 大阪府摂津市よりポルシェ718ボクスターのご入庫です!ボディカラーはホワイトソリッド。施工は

...

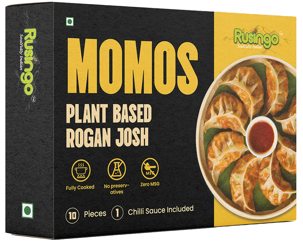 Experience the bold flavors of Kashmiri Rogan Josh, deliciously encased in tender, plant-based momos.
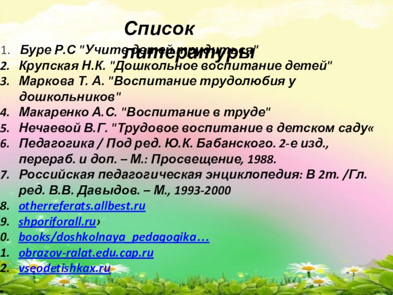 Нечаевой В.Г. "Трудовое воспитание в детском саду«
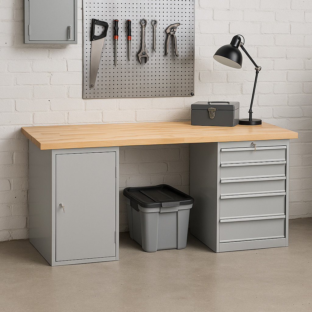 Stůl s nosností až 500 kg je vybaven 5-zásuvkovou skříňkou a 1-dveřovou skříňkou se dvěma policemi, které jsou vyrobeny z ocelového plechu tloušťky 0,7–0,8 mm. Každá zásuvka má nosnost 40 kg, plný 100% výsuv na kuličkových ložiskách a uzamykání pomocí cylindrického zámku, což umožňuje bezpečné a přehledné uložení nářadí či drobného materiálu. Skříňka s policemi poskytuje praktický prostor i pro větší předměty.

==

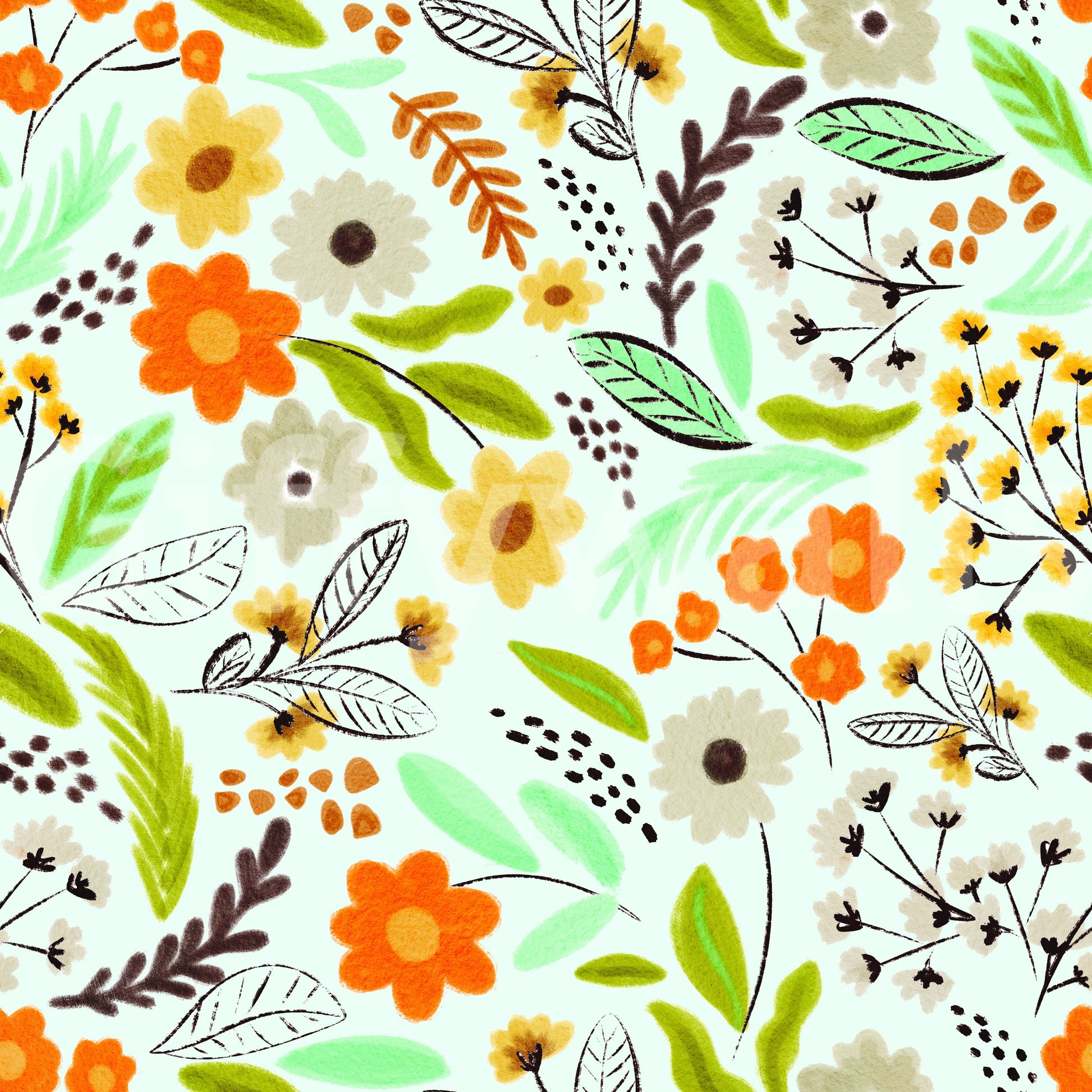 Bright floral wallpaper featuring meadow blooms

§ What you should do: Beginning with the line above that contains "воспитание в детском" and ending with the line that contains "Stůl s nosností", quote each line exactly, keeping out the pictures.

§ Reply:
 Нечаевой В.Г. "Трудовое воспитание в детском саду«
 Stůl s nosností až 500 kg je vybaven 5-zásuvkovou skříňkou a 1-dveřovou skříňkou se dvěma policemi, které jsou vyrobeny z ocelového plechu tloušťky 0,7–0,8 mm. Každá zásuvka má nosnost 40 kg, plný 100% výsuv na kuličkových ložiskách a uzamykání pomocí cylindrického zámku, což umožňuje bezpečné a přehledné uložení nářadí či drobného materiálu. Skříňka s policemi poskytuje praktický prostor i pro větší předměty.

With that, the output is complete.